Closed PDoakORNL closed 3 years ago
For documenting purpose: On Summit, gcc/8.1.1 and cuda/10 doesn't work well as I got the following error. The error goes away when I update cuda to 11 and use gcc/8.1.1 & magma/2.5.4-cuda11.1.
CMake Error at /autofs/nccs-svm1_sw/summit/.swci/0-core/opt/spack/20180914/linux-rhel7-ppc64le/gcc-4.8.5/cmake-3.18.2-cirtl5oah4d6bequfcoji6jbetertrna/share/cmake-3.18/Modules/CMakeTestCUDACompiler.cmake:52 (message):
The CUDA compiler
"/sw/summit/cuda/10.1.243/bin/nvcc"
is not able to compile a simple test program.

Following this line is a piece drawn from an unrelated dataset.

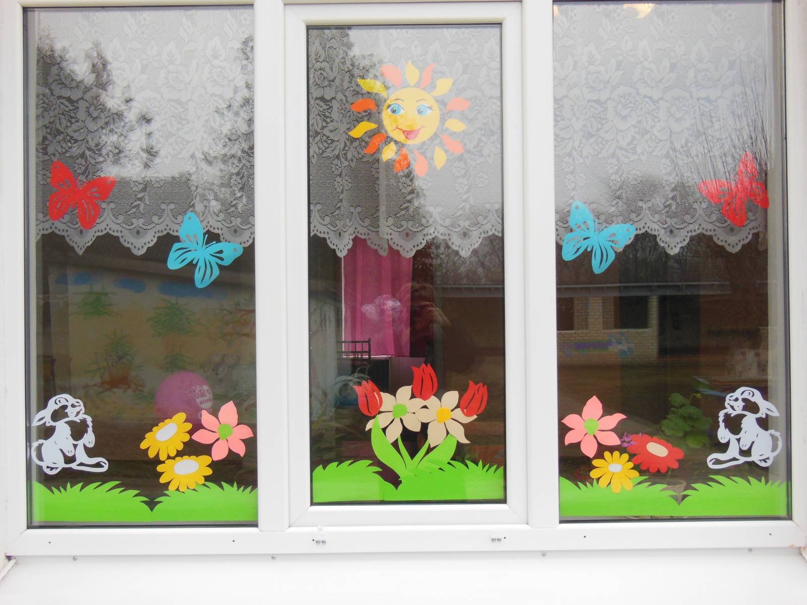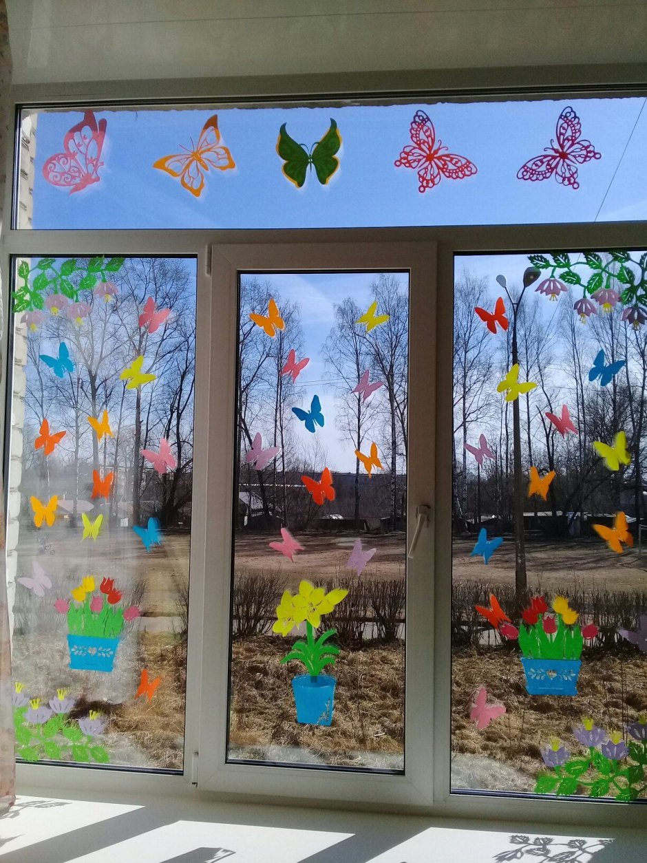 Украшение окон весной в детском саду
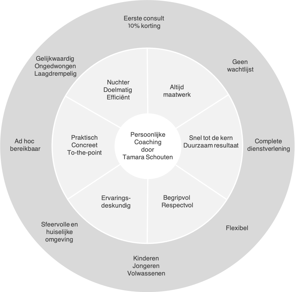 Ik stem mijn werkwijze af op jouw behoefte. Dus geen standaard methode, maar maatwerk. Dit werkt het meest effectief en efficiënt.

It fails with the following output:
Change Dir: /gpfs/alpine/proj-shared/cph102/weile/dev/src/adios2/DCA-2/build/CMakeFiles/CMakeTmp
Run Build Command(s):/usr/bin/gmake cmTC_a16eb/fast && /usr/bin/gmake -f CMakeFiles/cmTC_a16eb.dir/build.make CMakeFiles/cmTC_a16eb.dir/build
gmake[1]: Entering directory `/gpfs/alpine/cph102/proj-shared/weile/dev/src/adios2/DCA-2/build/CMakeFiles/CMakeTmp'
Building CUDA object CMakeFiles/cmTC_a16eb.dir/main.cu.o
/sw/summit/cuda/10.1.243/bin/nvcc -c /gpfs/alpine/proj-shared/cph102/weile/dev/src/adios2/DCA-2/build/CMakeFiles/CMakeTmp/main.cu -o CMakeFiles/cmTC_a16eb.dir/main.cu.o
/autofs/nccs-svm1_sw/summit/gcc/8.1.1/include/c++/8.1.1/type_traits(347): error: identifier "__ieee128" is undefined
/autofs/nccs-svm1_sw/summit/gcc/8.1.1/include/c++/8.1.1/bits/std_abs.h(101): error: identifier "__ieee128" is undefined
/autofs/nccs-svm1_sw/summit/gcc/8.1.1/include/c++/8.1.1/bits/std_abs.h(102): error: identifier "__ieee128" is undefined
Similar error has been reported here: https://github.com/LLNL/blt/issues/341
The DCA with adios2 support version compiles and runs.
However, I wonder how to view G4 through adios2? More documentation is needed.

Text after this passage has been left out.